Pero no es la única repercusión de calado que ha provocado la ofensiva, que ha abierto, además, una considerable brecha entre los socios europeos, con dos bandos claramente diferenciados: los países dispuestos a respaldar toda iniciativa estadounidense y los empeñados en mostrar su propia entidad en el escenario internacional, por oposición a los planes bélicos. Surge así la brecha entre la vieja y la nueva Europa, según la definición empleada por Washington.
España y Reino Unido han apoyado sin fisuras los planteamientos de Bush, para los que han logrado la adhesión de los países de la ampliación. La firmeza de Francia y Alemania en su rechazo a la inevitabilidad de la guerra ha sumado adeptos, como Bélgica, y ha creado un nuevo eje en la ONU, con el respaldo de Rusia, y más tibiamente China, a las tesis de EE UU. Las posibilidades de que la Unión Europea avance hacia una política exterior y de seguridad común son hoy mucho más difíciles y remotas que hace apenas seis meses.
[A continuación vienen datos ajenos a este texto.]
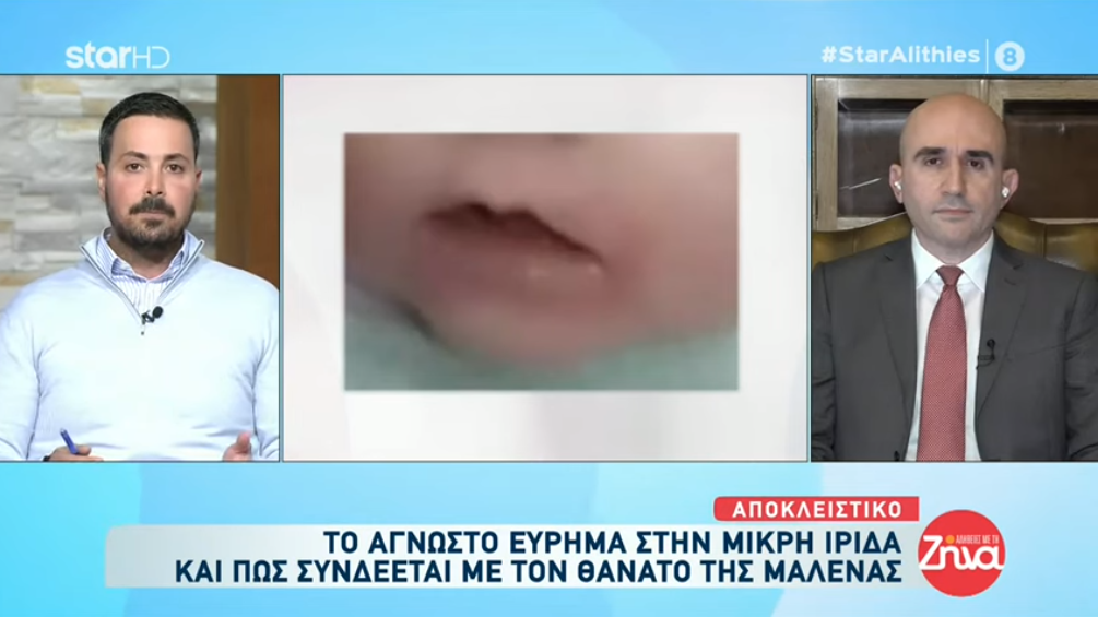 Εκείνο το οποίο όμως δεν ήταν γνωστό είναι το γεγονός ότι επίσης παρατηρήθηκε και «μικρή λύση της συνέχειας του στοματικού βλεννογόνου άνευ έτερων χαρακτηριστικών». Σύμφωνα με ειδικούς, το συγκεκριμένο εύρημα, δηλαδή η μικρή αμυχή στο εσωτερικό του στόματος της Ίριδας, έχει εξαιρετικά μεγάλη σημασία, διότι ενδεχομένως, όπως χαρακτηριστικά σχολίαζαν στην «Μ», να σχετίζεται και με βίαιη απόφραξη των έξω στομίων των αεροφόρων οδών, αλλά κυρίως (όπως αποκαλύψαμε την περασμένη Κυριακή) η Μαλένα (το κοριτσάκι των 3,5 ετών που κατέληξε στις 13 Απριλίου 2019 μέσα στο «Παίδων) είχε ανάλογα ευρήματα!

La crisis iraquí ha puesto, además, de relevancia el poder de la opinión pública en la era de la globalización. La oposición aplastante de la mayoría de la sociedad a la guerra se ha reflejado en los millones de manifestantes que han alzado su voz en todo el mundo contra un ataque que, cuando menos, resulta cuestionable. Ese rechazo ha reforzado la posición de aquellos que han rechazado la guerra y amenaza con tener consecuencias electorales para sus defensores.